A great majority of the Turkish entrepreneurs who are in the fuel sector are working as business owners. An exceptional professional owner who chose a different path and leaned towards wholesale of fuel to the stations is Şevket Kayabaş. Living in the USA for the past 32 years, Kayabaş is a well-known name among the Turks who are in the wholesale fuel sector, into which he entered in 2003. He holds the position of Manager of Northeastern States at the energy sector giant firm CPD Holding, which is owned by four Palestinian friends and includes under its roof NJ Energy Corporation (Exxon), CPD Energy Corporation (Shell), NECG Holdings Corporation (BP and Getty), and CPD NY Energy Corporation (Mobil).

The adventure of Kayabaş in America started in 1982 with his employment, for $3.50 dollars an hour, at a Texaco station in California. After graduating from Hacettepe University’s French Language and Literature Department in 1977, Kayabaş came to the USA in pursuit of adventure. After staying in California for a year and a half, he moved to New York in 1984. Here, he started working at a station belonging to Kanat Arbay, one of the leading names in the fuel sector.

While he was working at a Texaco in New York without insurance, he had a job offer from the Jewish businessman Avi Stein, whose station was next to Texaco. At that time, his wife was pregnant with their second child and he did not have health insurance. So, Kayabaş told Avi, “I will work with you if you provide me with health insurance.” He, then, became the manager of three Amaco and one Mobil stations. He adds, “I settled for the first transfer for cheap but at the end Avi was the one who made me the boss.” The number of stations he managed increased to seven by the end of one year. Kayabaş also got his very first station, in 1987, in partnership with Avi. Between the years 1987 and 2000, Kayabaş even increased his station numbers to five at one point.

He also went to Baltimore and bought four stations, once. In 2003, when he decided to sell everything he had and return to Turkey, he had a job offer from Ocean Petroleum, a wholesale fuel company which had bought 18 new stations in Pennsylvania at that time changed his mind. He did not go back Turkey. While Ocean Petroleum was distributing fuel to nearly 60 stations previously, that number reached 80 when Kayabaş was running the position. He contributed significantly to the company’s sale of 120 million gallons of fuel in one year.

In 2008, when the BP stations went on sale, Kayabaş had a very important role in adding 15 of those stations to Ocean Petroleum.

Between November 2011 and May 2012, ExxonMobil Corporation made a decision to hand over 235 fuel stations in New Jersey to the business runners through the ‘Right of First Refusal’ system; however, Ocean Petroleum, where Kayabaş was working, did not take an active role in this sale. Eight firms competed to get the stations; three of them reached the forefront.

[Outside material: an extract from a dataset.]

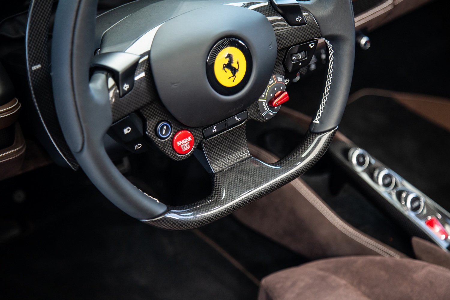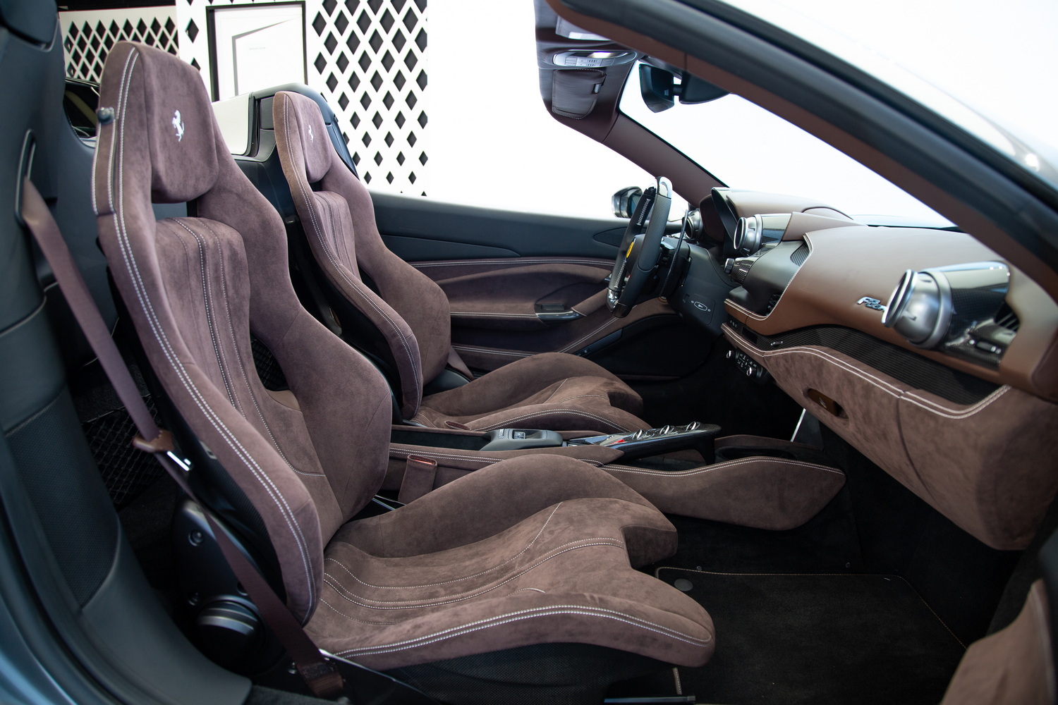 Introducing the epitome of Italian engineering and luxury - the new 2022 Ferrari F8 Spider, now available at Exotic Cars Dubai. This exquisite supercar is presented in a sophisticated grey exterior, perfectly complemented by a full carbon exterior package that not only enhances its sleek, aerodynamic design but also underscores its high-performance capabilities. Step inside to discover a cabin where luxury meets sportiness - the full Alcantara tan interior exudes a warm, inviting ambiance, while the interior carbon trim adds a touch of modern sophistication. This harmonious blend of materials creates an environment that is both visually stunning and tactilely pleasing, ensuring every drive is an experience in comfort and luxury. The F8 Spider is more than just a statement of style; it's a showcase of Ferrari's commitment to delivering unparalleled performance and driving pleasure. Its powerful engine and advanced aerodynamics promise an exhilarating driving experience, making it a perfect choice for car enthusiasts who seek the thrill of a high-performance sports car combined with the elegance and craftsmanship of one of the world's most prestigious automotive brands. Located in the heart of Dubai, Exotic Cars Dubai is proud to offer this magnificent 2022 Ferrari F8 Spider. It represents an exceptional opportunity for discerning buyers to own a piece of Ferrari's legendary automotive excellence.

As the firms did not want to lose the chance to work with a professional who had the power to sell 250 million gallon fuel, all three firms offered Kayabaş the opportunity to make an agreement on the new stations.

Among these offers, Kayabaş decided to take the one from Chestnut Petroleum Distributors (CPD), which was established in 1981 by brothers Ahmet, Salih, Salah and Halil. He started working on that on March 9, 2012. With stations also in Connecticut, Massachusetts, and Rhode Island, CPD’s 150 stations in New York and New Jersey regions are directly under the management of Kayabaş. 160 million gallons of CDP’s fuel sales, which has a total sale value of 400 million gallons per year, is carried out by Kayabaş. Among the stations run by CDP are 75 BP, 32 Getty, 66 Exxon, 97 Mobil, and 80 Shell stations. Kayabaş, whose father is a military officer, states that he grew up with military discipline. He is also the president of ATCOM (American Turkish Trade Bureau), a businessmen’s association. Living in Delaware, Kayabaş is now 61 years old and a father of five children.